Wenn man in diesen Tagen mit Firmenchefinnen, Ökonomen oder Wirtschaftsvertretern spricht, wenn man sie fragt, was das größte Defizit der aktuellen deutschen Bundesregierung sei, antworten sehr viele: Mangel an Planungssicherheit. Sollte der Kandidat Donald Trump im November tatsächlich zum zweiten Mal zum Präsidenten der USA gewählt werden, könnte ihnen die handwerklichen Mängel, das kommunikative Gewurschtel und die von zäher Zwietracht genährte Entscheidungsunfreudigkeit der Ampel schon bald wie eine am Reißbrett abgezirkelte Strategie vorkommen. Wenn Trump wirklich zurückkommt, dann ist wirtschaftspolitisch nur sicher, dass nichts mehr sicher ist.
Die USA gehören - neben der EU und China - für Deutschland zu den wichtigsten Exportmärkten. Nach dem Super Tuesday, dem Rückzug von Nikki Haley und mit Blick auf den vom Alter immer mehr gezeichneten Joe Biden tun die deutschen Unternehmen also sehr gut daran, sich für den Tag X zu wappnen. Wobei sich das leichter schreibt, als es umzusetzen ist. Denn wie soll man sich auf einen Menschen einstellen, dessen Idealvorstellung von einem guten Deal es ist, sein Gegenüber auszuspielen? Und dessen wirtschaftspolitische Agenda zwar gerade auf vielen Seiten ausgearbeitet wird, deren Umsetzung dann aber nicht unwesentlich daran hängt, ob dem Präsidenten der geliebte Cheeseburger gemundet oder der Greenkeeper den Golfplatz ausreichend gewässert hat.
Eine zweite Regierung Trump wird wie die erste – nur noch schlimmer
Im Ernst: Der wichtigste Satz in dem von einem konservativen Thinktank ausgearbeiteten Papier steht in dem Wirtschaftskapitel ganz vorne. Er lautet: "Die nächste Regierung muss dem wirtschaftlichen Wohlstand der einfachen Amerikaner Vorrang einräumen." America first - nur noch radikaler. Oder wie es die in Berkeley lehrende deutsche Wirtschaftsweise Ulrike Malmendier jüngst im Gespräch mit unserer Redaktion sagte: "Eine zweite Regierung Trump wäre wie die erste - nur noch schlimmer."
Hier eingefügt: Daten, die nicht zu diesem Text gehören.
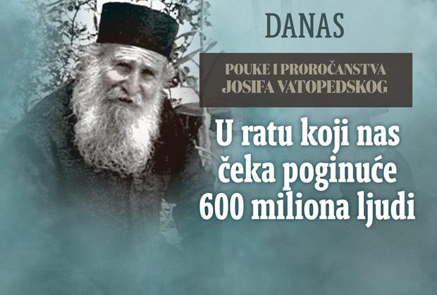 Otac Josif Vatopedski predvideo je da nas čeka rat u kome će poginuti 600 miliona ljudi, kako će Srbija posle velikih stradanja izaći kao pobednik i kakva će biti sudbina pravoslavlja, Vatikana i Amerike nakon apokalipse. Takođe ćete imati priliku da pročitate kako se dan posle smrti obratio prijateljici putem radija u njenim kolima i poslao joj važnu poruku.
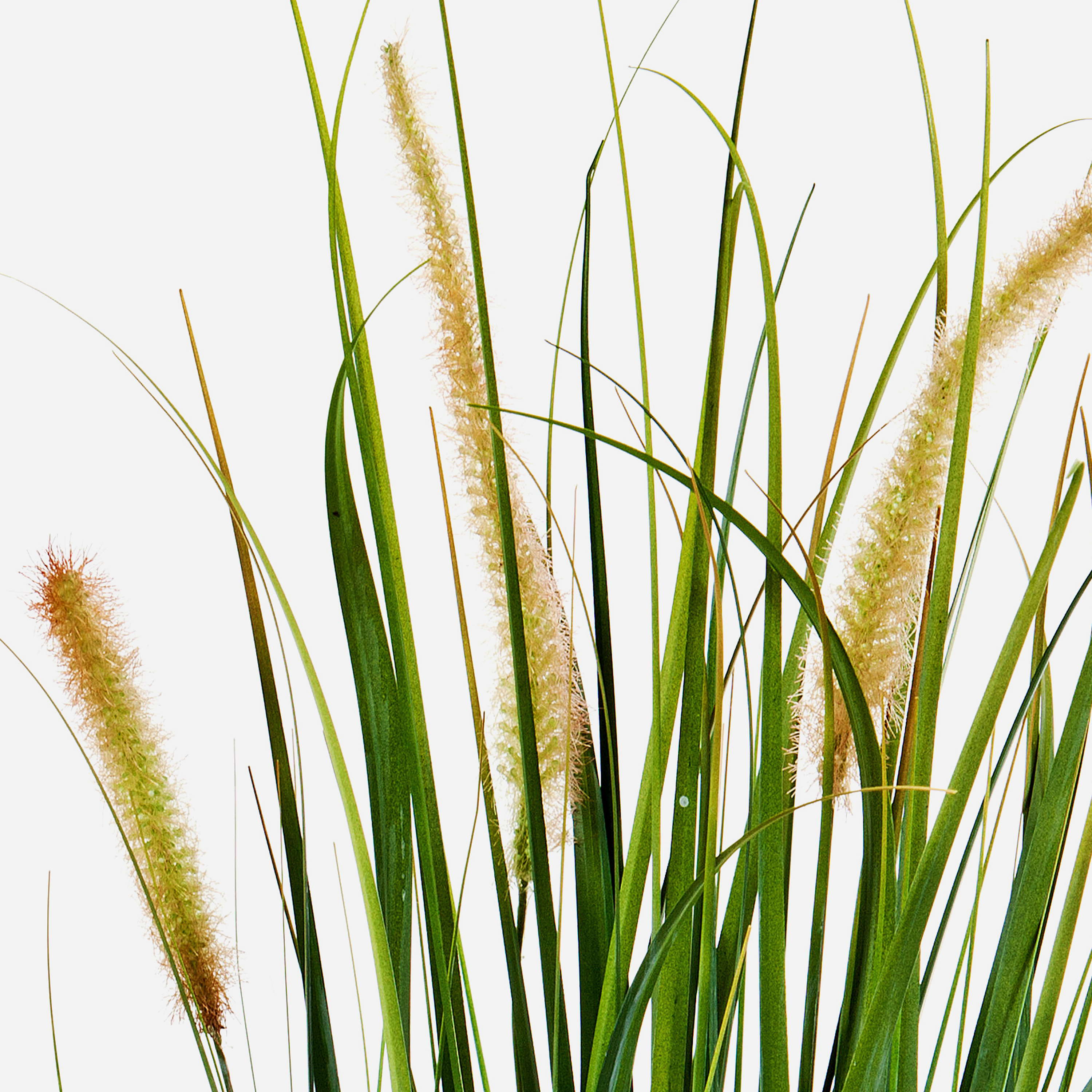 El Pennisetum alopecuroides FEHMI posee un aspecto real gracias a sus finas hojas en tonos naturales y sus panojas en color amarillo con toques marrones. La altura total de la planta artificial es de 60 cm, aprox.

Es ist nicht so, dass die Wirtschaftspolitik von Amtsinhaber Joe Biden nicht auf den Vorteil der USA bedacht wäre. Der Inflation Reduction Act etwa hat in Europa und Deutschland für viel Unmut gesorgt. Aber die "Bidenomics" sind doch fest in den internationalen Regelwerken verankert. Biden ist überzeugter Transatlantiker. Trump will, dass die USA aus der Welthandelsorganisation austreten. Sollte der eine den anderen tatsächlich ablösen, sind höhere Importzölle zu erwarten. Trump sprach in einem Interview bei Fox Business von zehn Prozent auf alles. Könnte mehr werden, oder weniger. Wer weiß das schon, bei einem Mann, der stringent nicht stringent handelt?
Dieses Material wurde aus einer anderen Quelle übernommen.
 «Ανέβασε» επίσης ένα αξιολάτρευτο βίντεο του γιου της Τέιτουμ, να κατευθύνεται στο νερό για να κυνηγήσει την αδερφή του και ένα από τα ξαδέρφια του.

Trump würde eine Neuauflage von TTIP wohl extra verhandeln wollen
Höhere Zölle träfen all jene deutschen Firmen besonders, die zwar in den USA unterwegs sind, sich dort aber vielleicht keinen Produktionsstandort leisten können. Hätte man sich in den vergangenen vier Jahren vorbereiten können? Vielleicht. Aber wahr ist auch: Selbst wenn es mit einer Neuauflage des Transatlantischen Freihandelsabkommens (TTIP) geklappt hätte, würde Trump es mit ziemlicher Sicherheit neu verhandeln wollen. Zum Vorteil der USA.
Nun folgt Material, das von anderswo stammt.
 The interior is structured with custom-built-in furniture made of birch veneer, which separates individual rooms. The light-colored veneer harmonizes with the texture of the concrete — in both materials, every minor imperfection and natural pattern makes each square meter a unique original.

Man darf von der Bundesregierung erwarten, dass sie sich besser auf eine zweite Amtszeit Trumps vorbereitet, als es ihre Vorgängerin unter Angela Merkel einst tat. Aber selbst wenn die Drähte zu den Beratern von Trump künftig gut funktionieren sollten, steht am Ende doch ein erratisches Wesen.
So bleibt pragmatischer Fatalismus: Wenn die USA unter Trump - womit sein Ex-Sicherheitsberater John Bolton fest rechnet - tatsächlich aus der Nato austreten, haben nicht nur die Unternehmen in Europa ganz andere Sorgen.